Yes. I struggle with depression and I struggle with admitting it here, in public. After all, aren’t we supposed to share the ideal image of who we’re supposed to be and look like? A professional, polished image of ourselves? I wasn’t going to, to be honest. But here I am.
The first photos I took of myself were awful…..
They rattled me. Shocked me actually. I looked ancient and…well … as depressed as I felt. I don’t know what urged me on and even where I got the energy to do what I was doing. But something told me to keep going. So I looked at those god-awful images and said, ok. This might be so at the moment, but it’s not really who I am. I truly didn’t recognise this person in the images. It wasn’t conscious, but rather than pick holes in myself I moved past the self-critic flaring up in me – or rather, I looked her in the eye, as she longed to make some stinging comments about me, acknowledged her presence, and, rather than succumb to that easy trap I, in effect, told her she had no power over me and pulled myself up, tidied myself up, brushed my hair, put on some makeup and got on with it.

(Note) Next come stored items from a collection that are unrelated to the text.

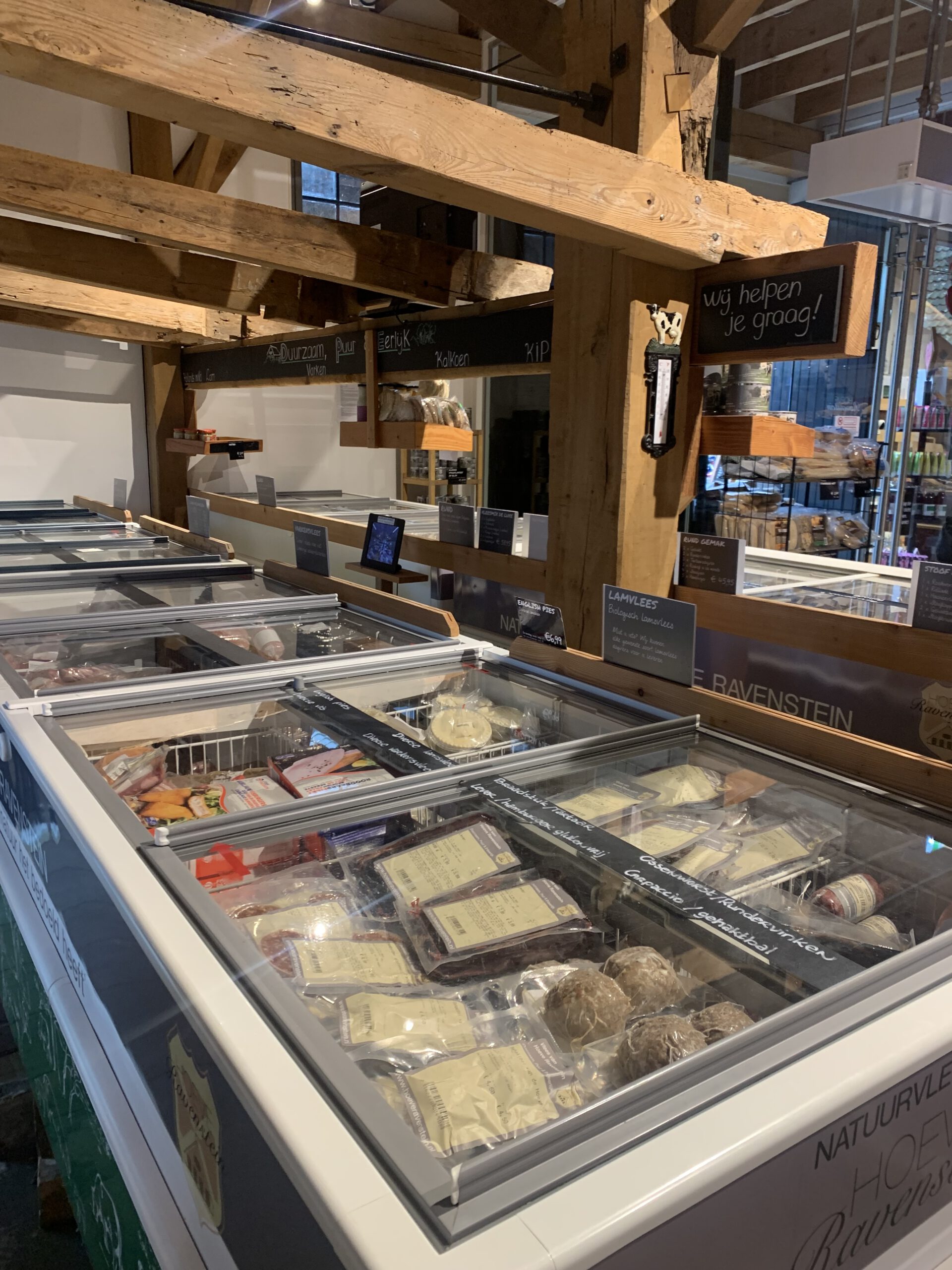 [12:15] We parkeren de auto en lopen het terrein op. Wat is het groot hier! Hoeve Ravenstein is verdeeld in vijf ruimtes: de stal, de boerderijwinkel, de groentekas, het café en een zitruimte. Genoeg te zien dus! We beginnen in de stal waar we allemaal koeien zien. Maar ze hebben niet alleen koeien maar ook cavia’s, konijnen, geiten, eenden, een ezel, kalkoenen én kippen. Een heuse boerderij kun je het dus wel noemen! Je kunt hier gemakkelijk een hele middag vertoeven. Wij kiezen ervoor om even wat te drinken en een gebakje te eten uit het café. Wauw, wat is er veel keuze zeg… ik denk dat ze wel tien soorten koeken hebben, maar ook taarten en ander vers gebak. Alles is huisgemaakt, kijk daar houden we van! Na lang twijfelen zijn we eruit: een verse muntthee, een zwarte koffie, een chocoladetaart met een mouse-vulling en een nog warme rozijnenstrüdel. Heerlijk! We nemen hierna nog een kijkje in de winkel. We worden verrast door de vele vriezers met vlees uit eigen veehouderij. Dit is het trots van de hoeve. Ze boeren al decennialang op een natuur- en diervriendelijke manier, met oog voor de toekomst en maximaal dierenwelzijn (meer hierover is te lezen op hun website). Erg mooi om vlees te zien waarvan je de herkomst weet en het verhaal, dat maakt het betrouwbaar. Hier komen wij nog een keer voor terug als we geen andere stops meer op de planning hebben!
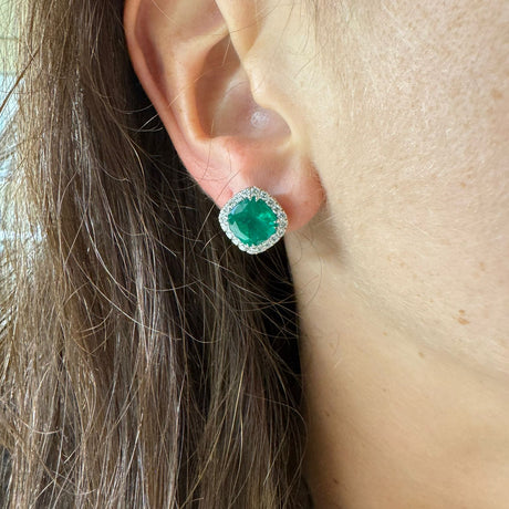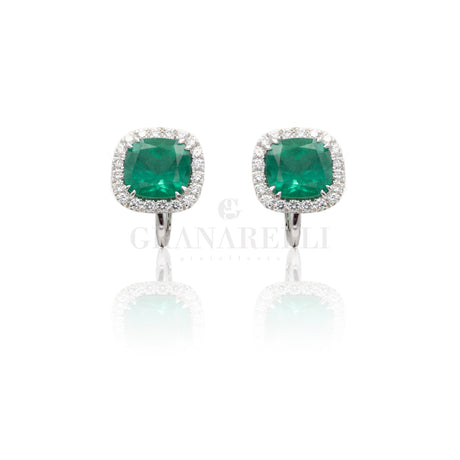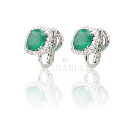 Orecchini Diamanti e Smeraldo Oro Bianco
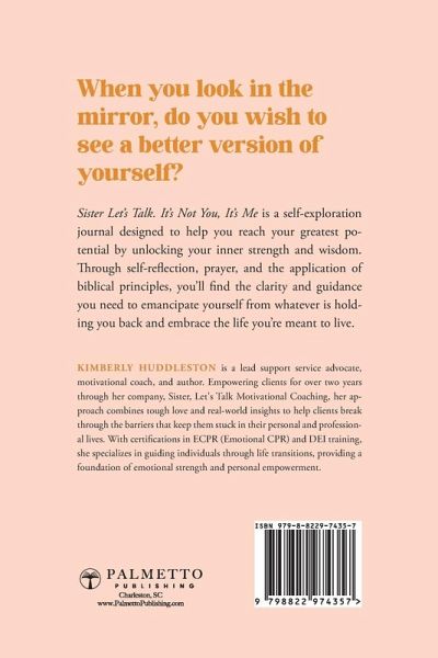 Tap into the transformative power of God's Word and tell the world WHO YOU ARE in this inspiring journal of self-exploration. Taking accountability is hard. While not everything that goes wrong in our life is our fault, the sooner we start to love ourselves and take responsibility, the sooner we can begin to heal. Sister Let's Talk. It's Not You, It's Me is a self-exploration journal designed to help us get unstuck by identifying the powerful tools that already exist within us. It's about unlocking our inner strength and wisdom, while integrating the transformative power of God's Word into key areas of our life. A guide to self-discovery, healing, and personal and professional growth, this collection of encouraging scriptures, motivating affirmations, and inspiring quotes prompts us to pick up our pens and discover who we are. Motivational coach Kimberly Huddleston challenges us to reframe our thinking, reminding us to rely on our faith and resourcefulness to overcome life's obstacles and leap into our full potential. By reflecting, praying, and applying biblical principles, we'll find the clarity and direction needed to break free from what's holding us back and embrace the life we're meant to live. Women from all walks of life will enjoy embarking on this journey of self-discovery and healing from the inside out.
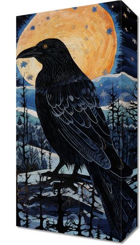 Obraz z serii abstrakcja zatytułowany Kruczy Mąciciel. Ta praca przedstawia majestatycznego kruka, który góruje nad zimowym lasem pod rozgwieżdżonym niebem. Tło, na którym widnieje wielka, pełna księżycowa aureola w złocistych i ciepłych odcieniach, kontrastuje z chłodnymi tonami niebieskiego i czerni, użytych do oddania tajemniczego krajobrazu i ptaka. Kruka cechuje szczegółowe przedstawienie piór, które dodaje tekstury i głębi, a jego silna postać emanuje spokojem i siłą. Obraz ten idealnie pasuje do przestrzeni, które celebrują naturę i jej mityczne aspekty, jak domowe biblioteki, salony w stylu eklektycznym lub pokoje z elementami boho, dodając im charakteru i wyjątkowości.
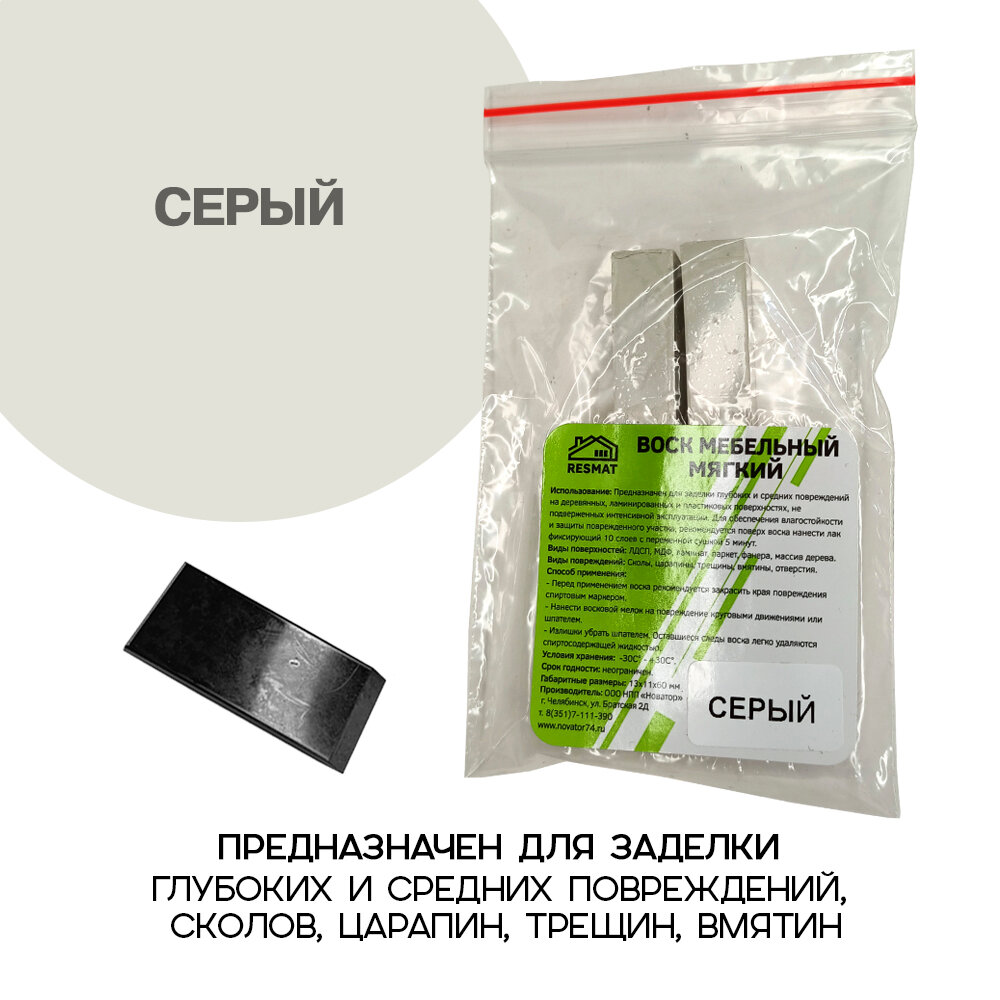 Воск мебельный Resmat для реставрации мебели и ламината 2 шт. со шпателем, серый информация:

Gradually I got more and more comfortable both with myself and with the camera and began to enjoy the process. As I got more comfortable and playful something weird and wonderful happened. Whereas, upon looking at those first photographs, I didn’t recognise myself at all I started catching glimpses of the little girl in me. I started remembering, recognising the girl looking back at me. The girl who knew how to laugh, play and have fun. “Lena the Loon” as I was fondly called amongst family and close friends…. I miss her…I miss her so badly…
People, depression is real. The struggle is always there. But it’s not the end. I know there are many who struggle with it. I’m not special because I’m admitting it here. I just feel compelled to share it and show you what the face of depression looks like and how I shifted it, even for a brief moment and that you are not your depression. You just need to find yourself again, under the surface of all that life has thrown at you. There are as many reasons for falling into depression as there are people. And sometimes it’s not even easy finding (or facing) what those reasons are.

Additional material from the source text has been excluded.